Even when these benchmarks do identify a performance issue, they don’t pinpoint exactly what’s wrong, let alone the cause of the error and a clear path to fix it. This is where custom evaluations make a critical difference.

Rather than offering vague performance metrics, custom evaluations help diagnose specific failure modes in your model. They tell you:

  • Where and why your model is underperforming, focused on the specific scenarios and use cases important to your needs
  • What data or logic is contributing to each error type
  • How to build fine tuning datasets to strategically address each error
In this example, Invisible's data strategy team completed a diverse syntax analysis on a client's model to reveal that it was 900% more likely to deliver a poor user experience when prompted using a specific sentence structure.

Custom evaluations align with real-world benchmarks rather than those developed by researchers in more sterile academic or experimental settings. Industry or academic benchmarks can be too broad to reflect the needs of a specific application. A custom evaluation creates benchmarks tailored to your use case, ensuring that model success is meaningful and actionable for your users, stakeholders, and customers.

Case in point: How Invisible prevented a major AI failure

Invisible’s state-of-the-art evaluations and data strategy team combines human-in-the-loop assessments and automation to improve the safety and reliability of AI systems. We provide:

  • Snapshot evaluation: A point-in-time evaluation before or after deployment can help mitigate risks, prevent model drift and better align your model with business outcomes
  • Real-time evaluation: A real-time supervisor layer between your model and customers can help identify and correct compliance risks before they reach the customer

Let’s go back to the story we looked at at the start of this article, in which an LLM developer had a model that showed a nearly 5X increase in errors — after fine tuning. 
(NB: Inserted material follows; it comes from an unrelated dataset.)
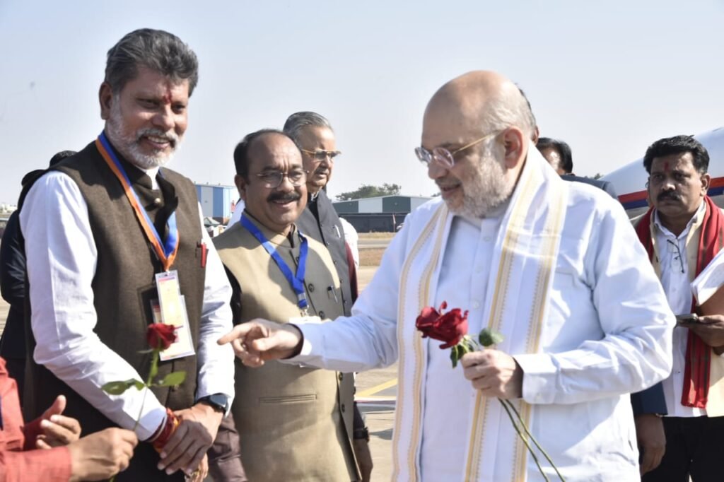 जगदलपुर, 13 दिसंबर 2025/ केंद्रीय गृहमंत्री श्री अमित शाह शनिवार को छत्तीसगढ़ के बस्तर संभाग मुख्यालय जगदलपुर स्थित माँ दंतेश्वरी एयरपोर्ट पहुँचे, जहाँ उनका आत्मीय स्वागत किया गया। गृहमंत्री के साथ प्रदेश के मुख्यमंत्री श्री विष्णु देव साय, विधानसभा अध्यक्ष डॉ. रमन सिंह और उप मुख्यमंत्री श्री विजय शर्मा का भी आत्मीय स्वागत किया गया।

Fortunately, a customized model evaluation by the Invisible team caught the trend, found the root cause of these errors in the fine-tuning dataset ingested by the model, and provided the client with a clear path to fixing the issue with a targeted, high-quality human dataset.

Disclaimer: Compliance and risk mitigation with model evaluations

Invisible helps organizations make informed decisions on model compliance based on their legal requirements. Our approach helps mitigate risks, but we do not guarantee or certify compliance of AI models. Instead, we provide expert-driven evaluations, insights, and strategies that empower organizations to align AI with their specific regulatory obligations.